While calculators can be helpful when tackling some math equations, they can’t compete with the complex thought processes of humans — at least, not yet. Dr. Richard Zemel and Dr. Raquel Urtasun of U of T’s Computer Science Department are trying to speed that research along; the two are working to build computers to think more like humans when it comes to processing data. 

The two are part of a team of scientists and mathematicians led by the Baylor College of Medicine, trying to understand the computational building blocks of the brain.
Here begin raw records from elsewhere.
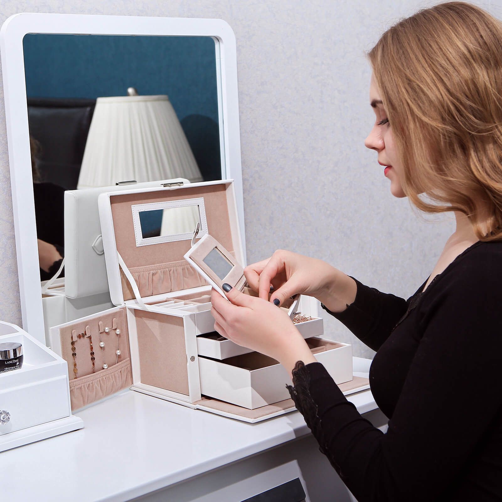 Are you tired of the tangle of necklaces and rings you've amassed? It's time to grab a jewellery box with an elegant and classic design to keep it all organised. Protects Your Jewels Designed with many compartments for different products and shapes, the jewellery case keeps your bracelets, rings, earrings, and necklaces well-stored. The soft velvet lining safely protects your delicate jewellery against scratches and other damage. Multiple Choices We have a variety of jewellery boxes in many sizes and colors, simply search "jewellery box" to find even more.
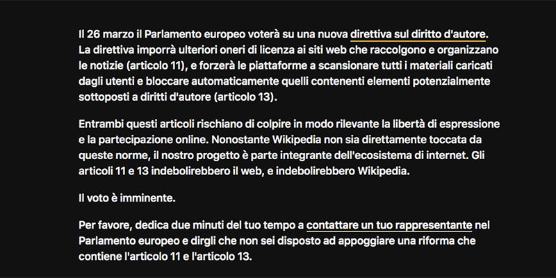 In Italia e per protesta, contro le nuove e controverse regole sul copyright su cui sta discutendo l’Unione Europea
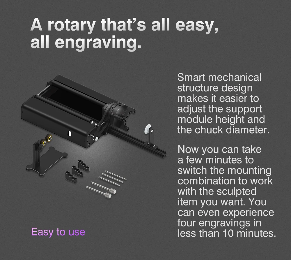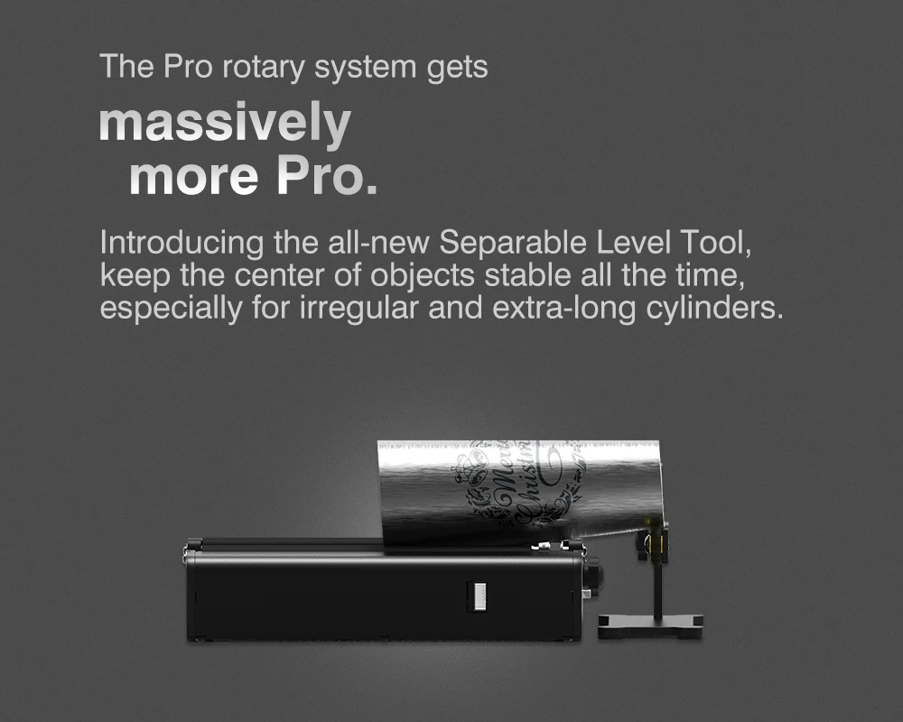 Made of anodized aluminum alloy with a corrosion-proof coating to ensure long-term & reliable use. Compared to other roller rotary attachments, TR2 Pro rotary attachment adds adjustable z-axis and chuck rotary module. It supports 360° engravings on an extra-long cylinder and irregular cylinders like beverage cans, eggshell cups, goblets, wine bottle, baseball, baseball bat Rotable engraving pattem types Image/Line/Text
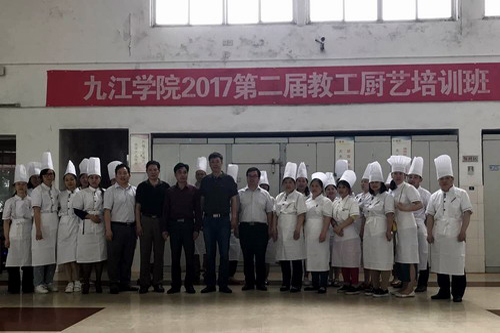为丰富教职工的业余生活,培养科学健康饮食情趣,5月20日上午,校工会与后勤管理处饮食服务中心共同举办的九江学院2017年教职工厨艺培训班在学生二食堂正式开课,来自党群和经管、旅游、土木、艺术学院等部门的50名教工共同奏响了“锅碗瓢盆进行曲”。杨耀防副校长在工会金葆金主席、后勤管理处姜东升处长等陪同下深入厨艺班亲切看望首期培训班学员。
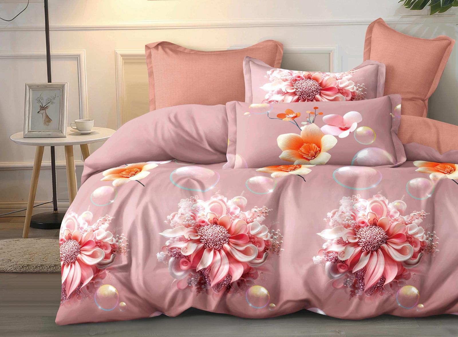 Pościel 160x200 bawełna różowa w kwiaty PK780 z PRZEŚCIERADŁEM
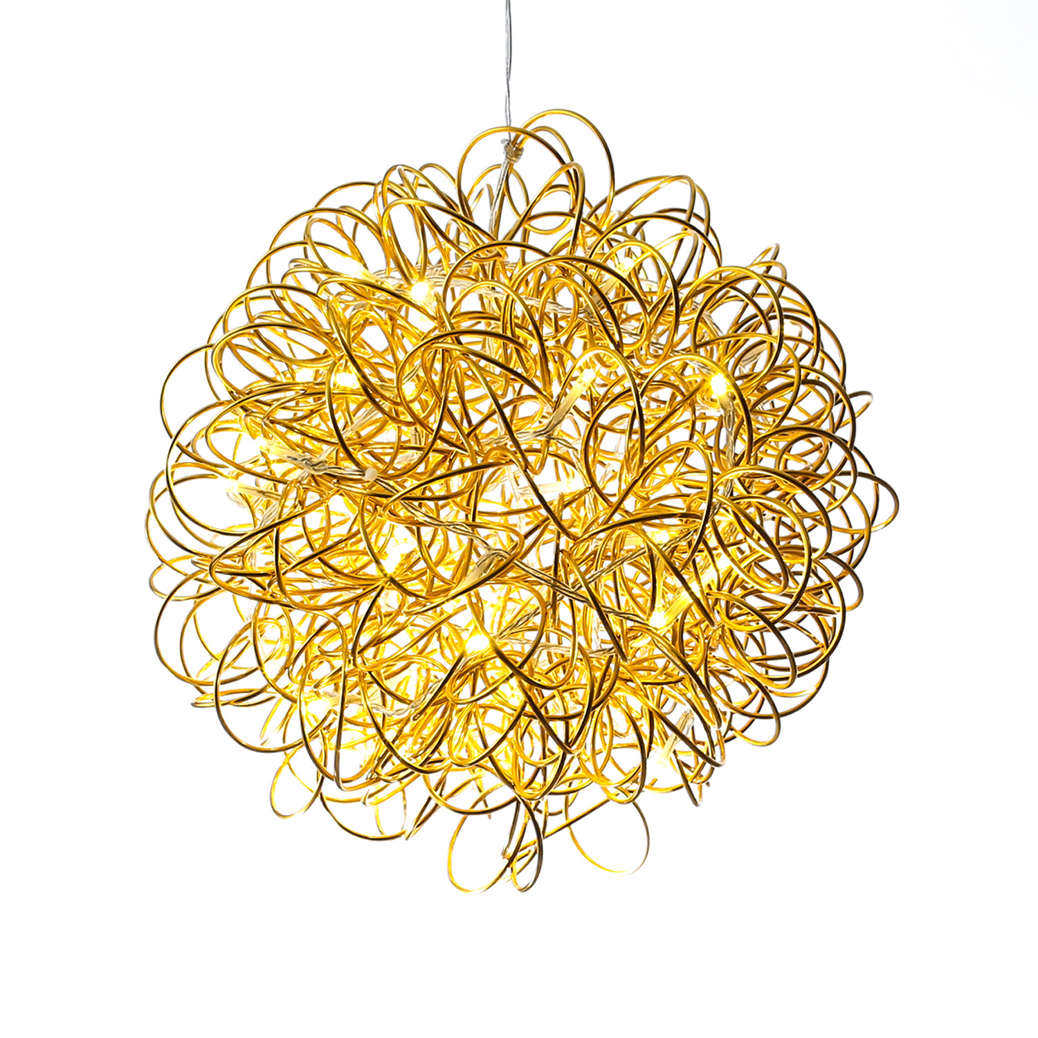 Diese besonders schöne LED Drahtkugel ist sowohl im Wohnraum als auch im Garten eine echte Augenweide. Die Kugel ist aus einem dicken goldenen Aluminiumdraht von Hand gewickelt. Dann wurde eine transparente Lichterkette mit 100 warmweiß leuchtenden LED eingewoben.
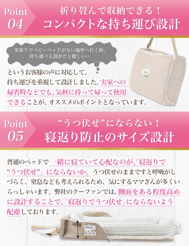 ベビーベッド の中で使用して、 寝返り の 防止はもちろん 乳幼児 がどこでも寝れるように “折りたたみ コンパクト”&”軽量”の 持ち運び設計で企画させて頂きました。

The goal is to create more advanced learning machines.

For this project, researchers at the University of Toronto will be partnering with the California Institute of Technology, Columbia University, Cornell University, Rice University, and the Max Planck Institute at the University of Tübingen.

Their research is supported by a program known as Machine Intelligence from Cortical Networks (MICrONS), and operates under the umbrella of Intelligence Advanced Research Projects Activity (IARPA). The IARPA is a US agency which invests in high-risk, high-reward research that offer solutions to the needs of US intelligence agencies. It is also part of the broader BRAIN Initiative, launched in 2013 by President Obama with an eye towards understanding devastating brain diseases and developing new technology, treatments, and cures.

This research will not only help scientists understand the computational workings of the brain, but will also advance the study of synthetic neural networks in order to better predict events such as cyber-attacks, financial crashes, or hazardous weather. 

Algorithms based on neural networks are already used in a wide range of areas, from the consumer-level to military intelligence as seen in “speech recognition, text analysis, object classification, [as well as] image and video analysis programs. The applications are broad,” says Dr. Zemel, adding that the “aim is to extend some of the most popular types of machine-learning models using deep neural networks.”

The massive amounts of data produced across the world on a daily basis affects everything from spam in your inbox to military intelligence operations. Smarter and more discerning learning machines will help to manage and present information in a more comprehensible way. 

“Currently the rules by which activities in a network are defined are mostly ad hoc, and validated and improved by experience. Here we hope to gain some insight from natural deep neural networks to refine these rules,” said Zemmel.   

In other words, the ways in which current algorithms represent, transform, and learn from data are determined largely through trial and error.   

Based on models dating back to the 1980s, advancements in neural networking have been confined to scientists’ ability to measure the activity of only a few neurons at a time. Today, more accurate and plentiful data allows researchers to take a more enhanced detailed look at brain activity, allowing for a more computational, rather than architectural understanding.

The availability of better tools, techniques, and technology will allow MICrONS researchers to measure the activity of 100,000 neurons while a subject is engaged in visual perception and learning tasks. Although the research teams will be mapping the activity of one cubic millimetre of a rodent’s brain (a volume less than one-millionth the size of the human brain), these tools will allow them to analyze neural circuits in ways that were unimaginable just a few years ago. 

The precision and microscopic scale of this research is challenging as scientists are aiming to obtain a highly detailed and complete understanding of one small part of the brain, rather than a structural understanding of the brain entirely.

The team hopes to develop new methods of passing messages from this data, which describe how information is passed between the model neurons in a big network.

The research that doctors Zemel and Urtasun are conducting can bring computers closer to actual brain levels of functioning. This will allow for more powerful performance that will better align with human needs.